Peace is being in harmony, allowing God to fit all the pieces of our lives together. As we cultivate the presence of the Holy Spirit deep down, he brings peace.[2]

Great story. Enough said.

[1] Richard Bernhard Smith and Felix Bernard
[2] Tim Riter, Deep Down (Wheaton, Ill.: Tyndale House, 1995), 72.

It Is Beginning To look A Lot Like Christmas.

It’s beginning to look a lot like Christmas[1]
Everywhere you go
Take a look at the five and ten, it’s glistening once again
With candy canes and silver lanes that glow
It’s beginning to look a lot like Christmas
Toys in every store
But the prettiest sight to see is the holly that will be
On your own front door

This is an old song. There are few if any five and dime stores left. There are toys in almost every store. The bargains are advertised in all the media with loud and enticing commercials.

Its beginning. It is the season of Christmas. The rush to buy a reduced-price present takes over even good judgement on Black Friday. The Monday after Thanksgiving is Cyber Monday when the internet will be crowded with Christmas shoppers.

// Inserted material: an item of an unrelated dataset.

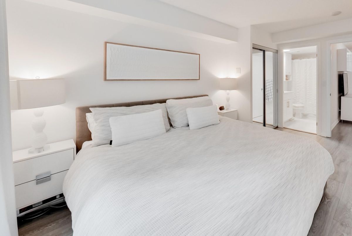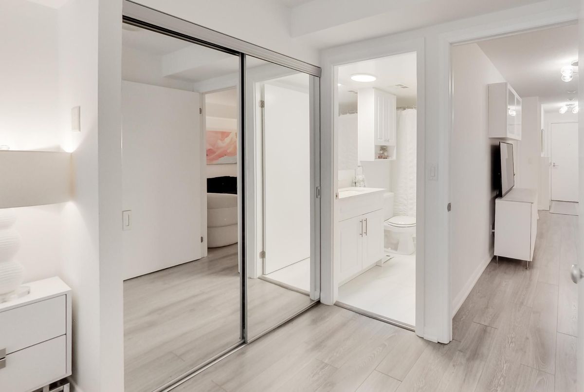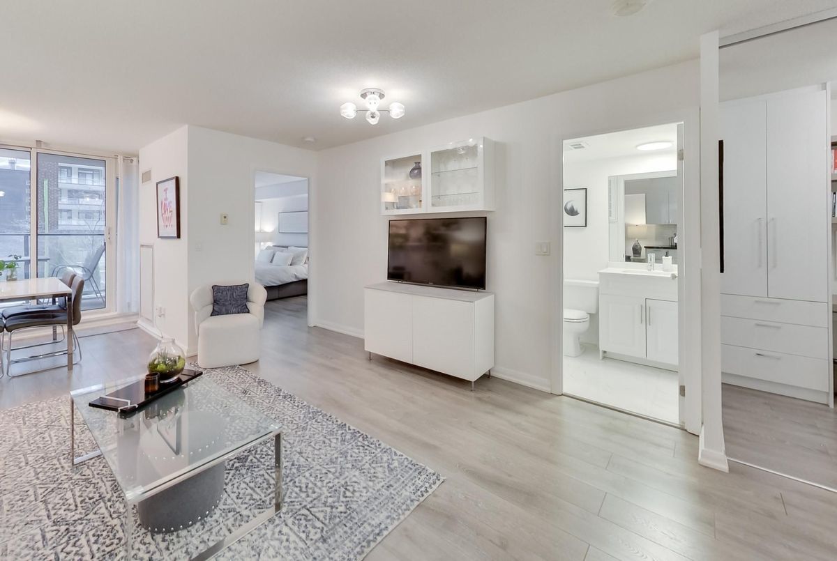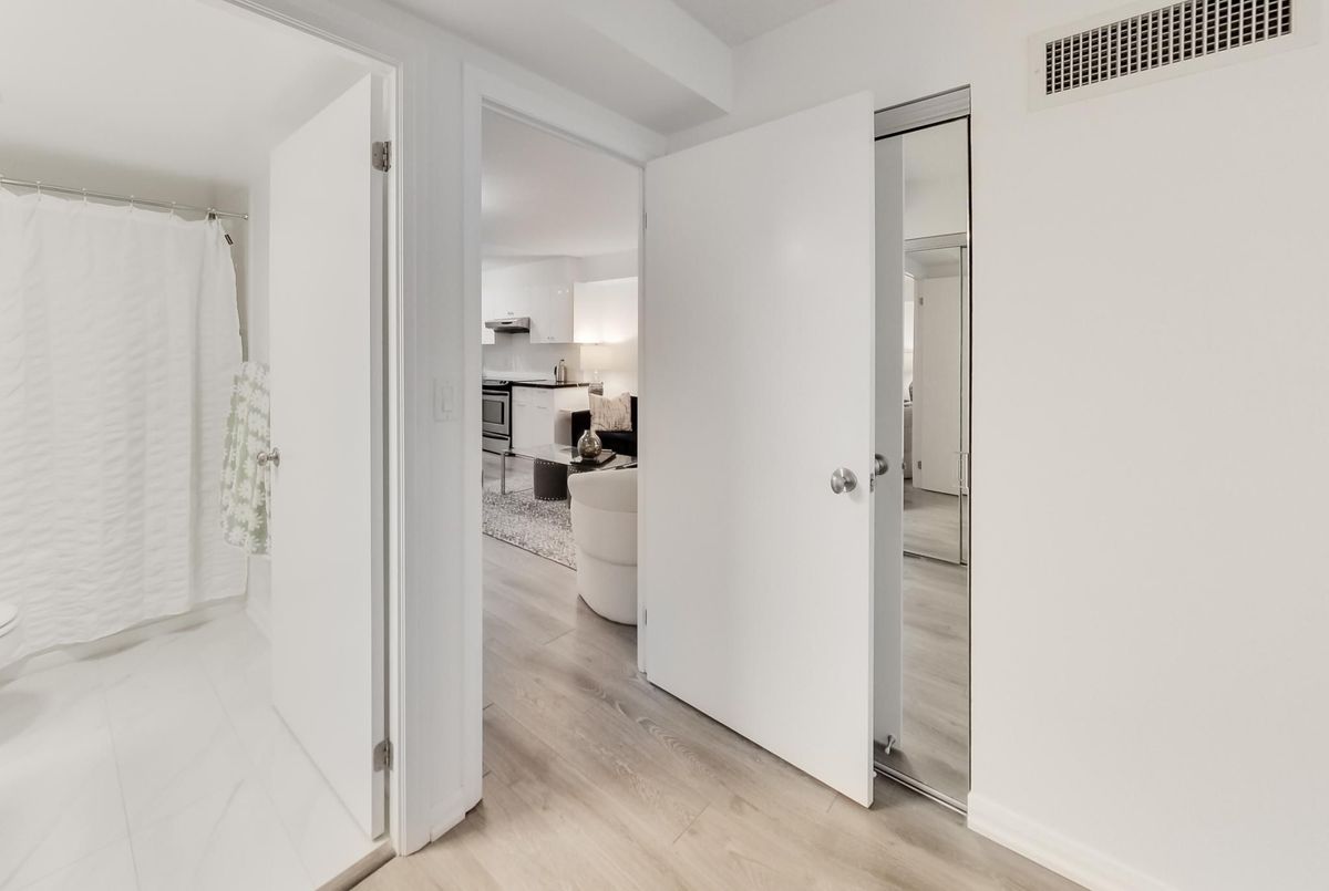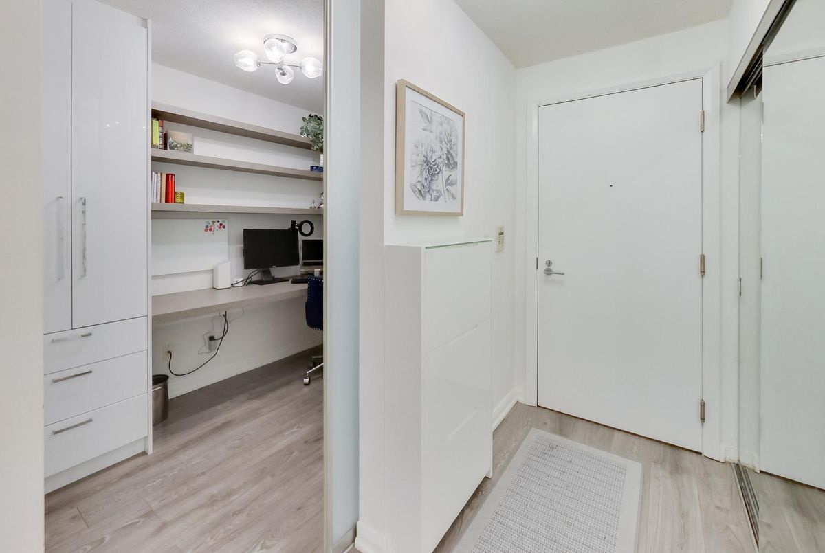 Discover the perfect blend of style and convenience in this renovated and spacious 1 bed + den, 2 bath unit offering an exceptional living experience in downtown Toronto. The bright and airy open-concept living space features floor-to-ceiling windows that fill the home with natural light, while the modern laminate hardwood flooring and sleek finishes add a touch of sophistication. The kitchen, equipped with stainless steel appliances and plenty of storage, is perfect for culinary enthusiasts and casual cooks alike. Overlooking the balcony, the primary bedroom has an ensuite bathroom, and two closets with organizers. The den provides an ideal space for a home office with built-in storage. One City Hall Place, offers an array of amenities including a gym, indoor pool, billiards room, party room, guest suites, concierge, and a rooftop patio. You'll be just steps away from shops, restaurants, breweries and some of Toronto's top attractions. With easy access to the Gardiner Expressway and TTC everything you need is within reach.

Its beginning to look a lot like Christmas reminds us that Christmas is coming, and it is not about presents purchased with credit cards or cash. Christmas is coming and the greatest gift of all will be presented. It will be a child in a manger in Bethlehem.

Amid all the commercialism it is difficult to hear the bleating of sheep and goats that existed in the manger. The cries of a newborn boy are overwhelmed by popular Christmas songs. It is beginning to look a lot like Christmas. It is coming, but only if we pay attention to what will take place and not be overwhelmed by the present and the presents.

[1] Songwriters: Meredith Wilson It’s Beginning to Look a Lot Like Christmas lyrics © Kobalt Music Publishing Ltd.